Cody's down-spiraling.
 
“There I was,” he says, “18 years old and a blaster in the coal mines.” 
 
Jamie demands he stop sleeping around, or else, get married. He subjects Cody to a verse from First Corinthians:
 
“I say therefore to the unmarried and widows," it reads, "It is good for them if they abide even as I. But if they cannot contain, let them marry: for it is better to marry than to burn.”
 
Stop fornicating, Cody is told, or excommunication from the family church is looming.
 
There is a third option: cruising the streets of Middlesboro in search of streetwalkers to douse the burning.

What is Marked for Life?

Cody Coots is a fourth-generation serpent handler. By age 6, he handles mock serpents with his sister, Trina, in the church, using leather belts for props. Cody secretly yearns for a normal childhood.

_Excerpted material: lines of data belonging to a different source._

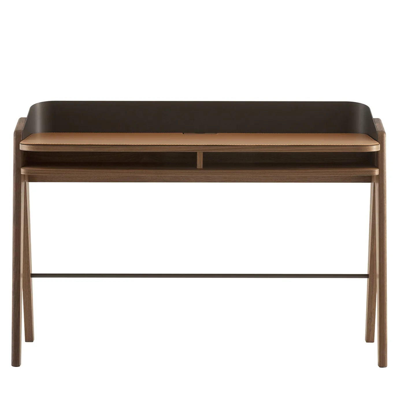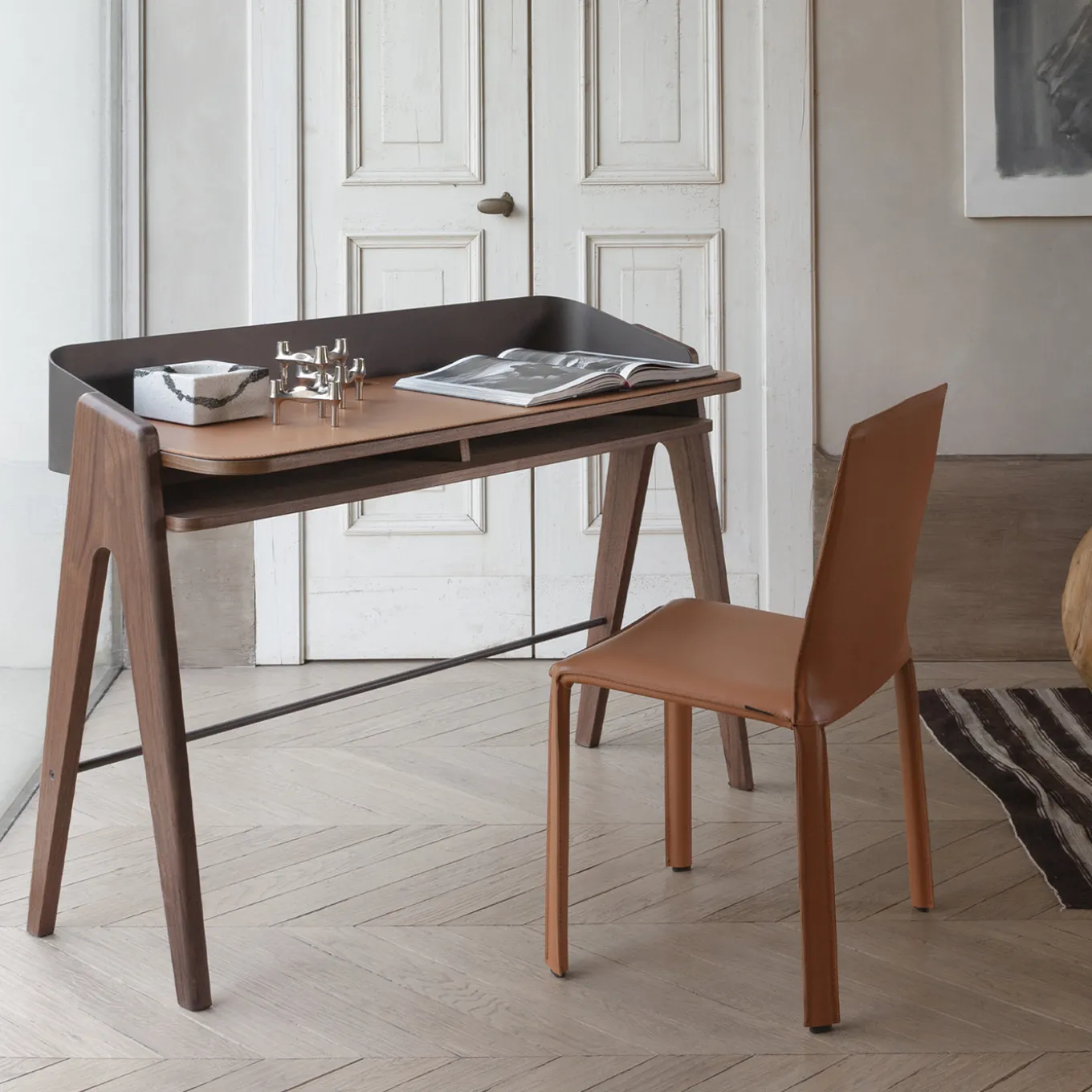 The Bavero desk combines an elegant, curved metal frame with a smooth cognac leather pad, creating a seamless design without visible screws. This desk features a wooden structure with slender walnut legs and includes a practical shelf beneath the work surface, making it ideal for smart working environments. The leather surface enhances comfort while the walnut legs provide stability and a refined aesthetic.
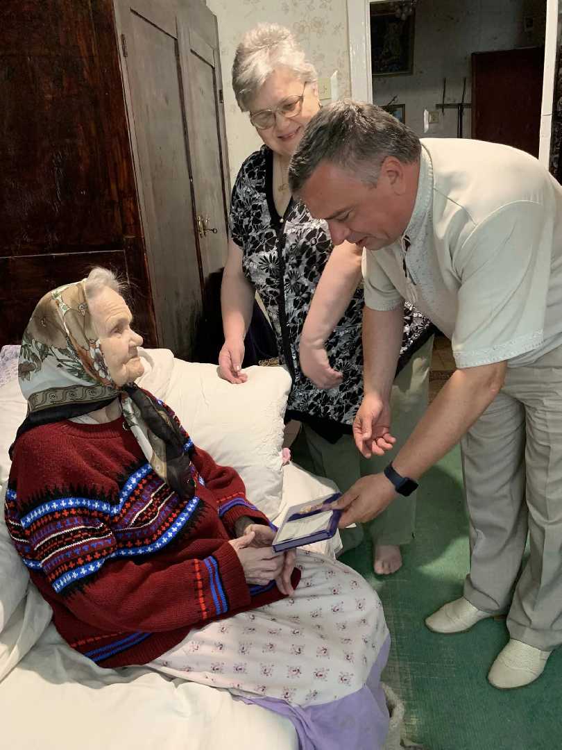 20 червня депутати присвоїли Євдокії Сарчук звання «Почесний громадянин Червоноградської міської територіальної громади». Сьогодні заступник міського голови Володимир Коваль вручив Євдокії Іванівній відзнаку.
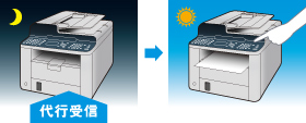 最大約512枚※のメモリー代行受信が可能です。終業後はメモリー保存し、翌朝出力するなど、不在の時も安心です。
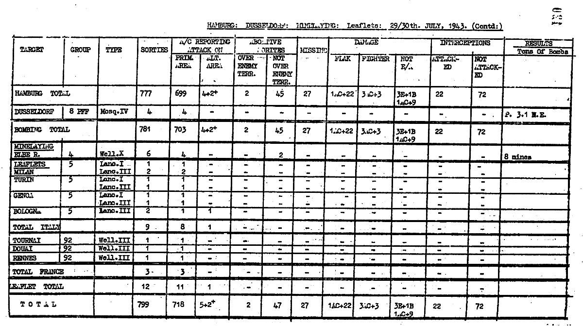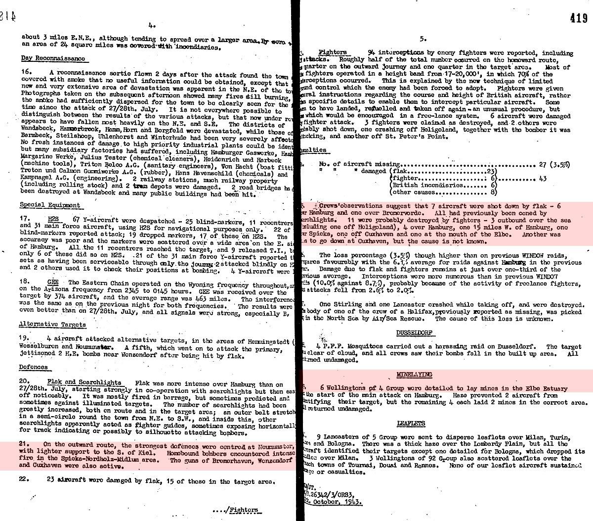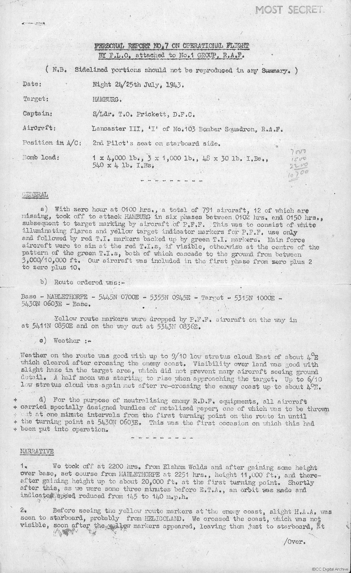 24/25.07.1943 - Abschließender Bericht des britischen Geschwaderführers S/LDR.T.O. M Prickett des 103. Bomber Squadron R.A.F.
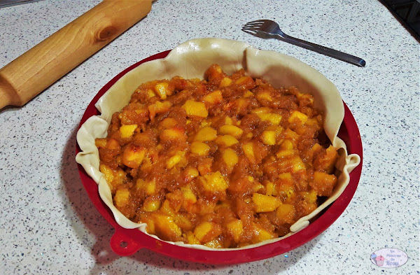 ¡Buenas! ¿Qué tal va la "vuelta al cole"?, la mía está a puntito, pero, mientras llega, voy a seguir metida de cabeza en la cocina para dejaros ricas y sencillas recetas, hoy, concretamente, os dejo este delicioso AMERICAN PIE DE MELOCOTÓN o tarta americana, y, como no podía ser de otra manera, es SIN LACTOSA, SIN GLÚTEN Y SIN AZÚCAR....¿qué más se le puede pedir?.... pues sin más preámbulos....
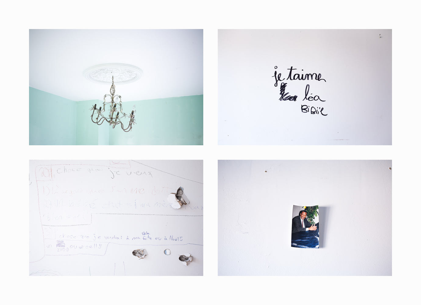 Décorations à l’intérieur de logements de la rue Lapierre avant les rénovations. La rue Lapierre est située dans le Nord-Est de Montréal-Nord, l’une des zones les plus pauvres de l’arrondissement. 41% des habitants y vivent sous le seuil de faible revenu. L’organisme Bâtir son quartier y a coordonné des rénovations pour le compte de la SHAPEM (Société d’Habitation Populaire de l’Est de Montréal). Durant les rénovations, les résidants ont du temporairement quitter les lieux, mais ont parfois laissé d’émouvantes traces de leur passage. – Decorations on the wall of an empty apartment on the Lapierre street, in the North-East of Montreal-Nord, where 41 % of inhabitants live under the low income cut-offs. Community group Batir son quartier (Build your neighbourhood) supervised buildings renovation for the SHAPEM (Society for people housing in the east of Montreal). Residents had to leave their apartments during renovations. Valérian Mazataud | Hans Lucas
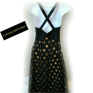 Beautiful laser cut polka dot retro halter dress by Catherine Malandrino. Side zip. Crisscross back. 1 circle has been repaired but completely unnoticeable while wearimg. Flawless otherwise.
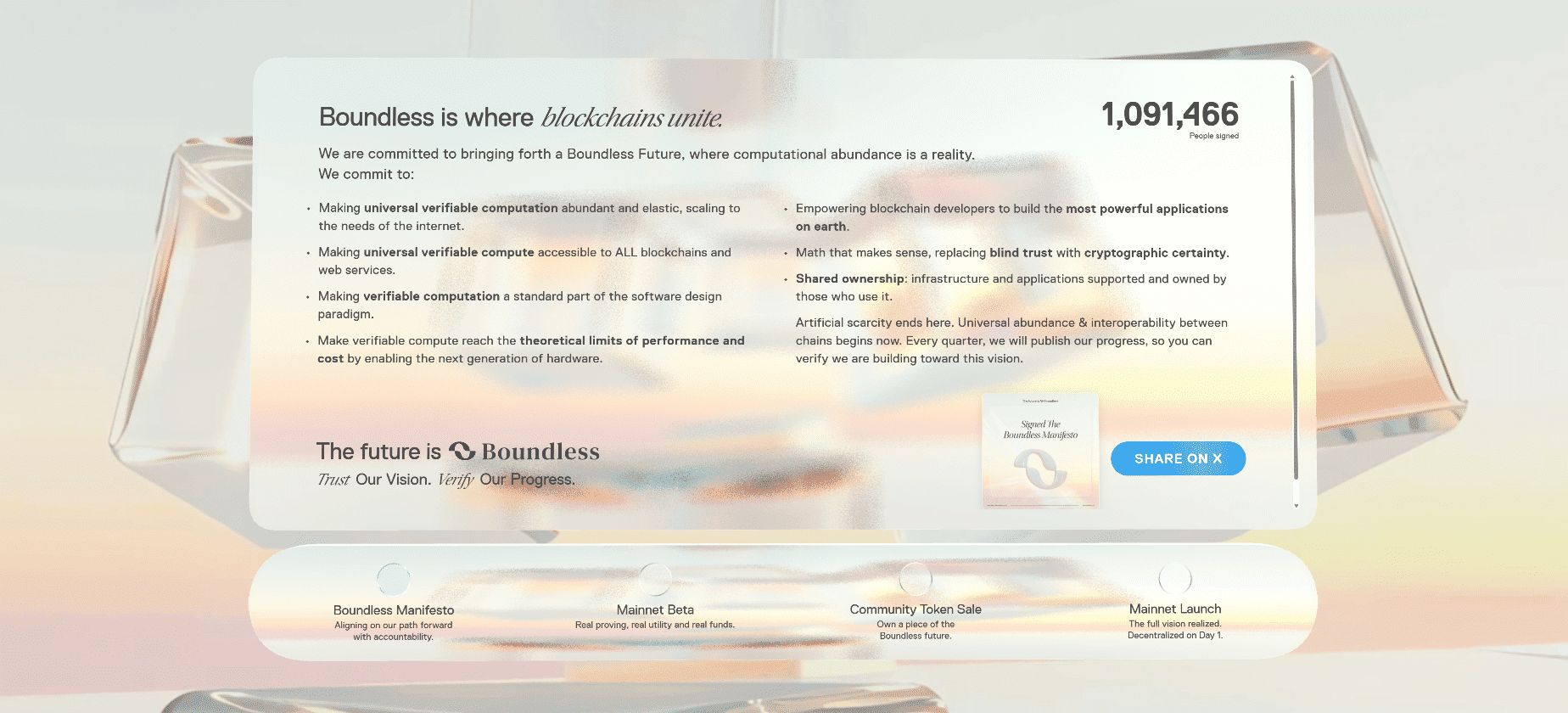 访问Beboundless 网站→ 连接您的 EVM 钱包 → 签署 Boundless 宣言 → 可选择在社交媒体上分享。

He likes to ride his bike, play drums, and watch WWE wrestling with his father, Jamie. (Jamie is the world's most famous serpent-handling preacher.) A terrible act of violence befalls 8-year-old Cody, shocking the serpent handling community. A preacher pleads guilty to charges of deviant sexual abuse, but it's too late: Cody's innocence is shattered. Anger boils inside him, so he turns his wrath upon his parents, his church, and even his God.

As he cruises the backstreets of Middlesboro, Ky, looking for nothing but trouble, Cody's sins begin piling up. But the consequences do, too.

Is Cody beyond salvation? Or, is he as the community describes him: "Marked for life?"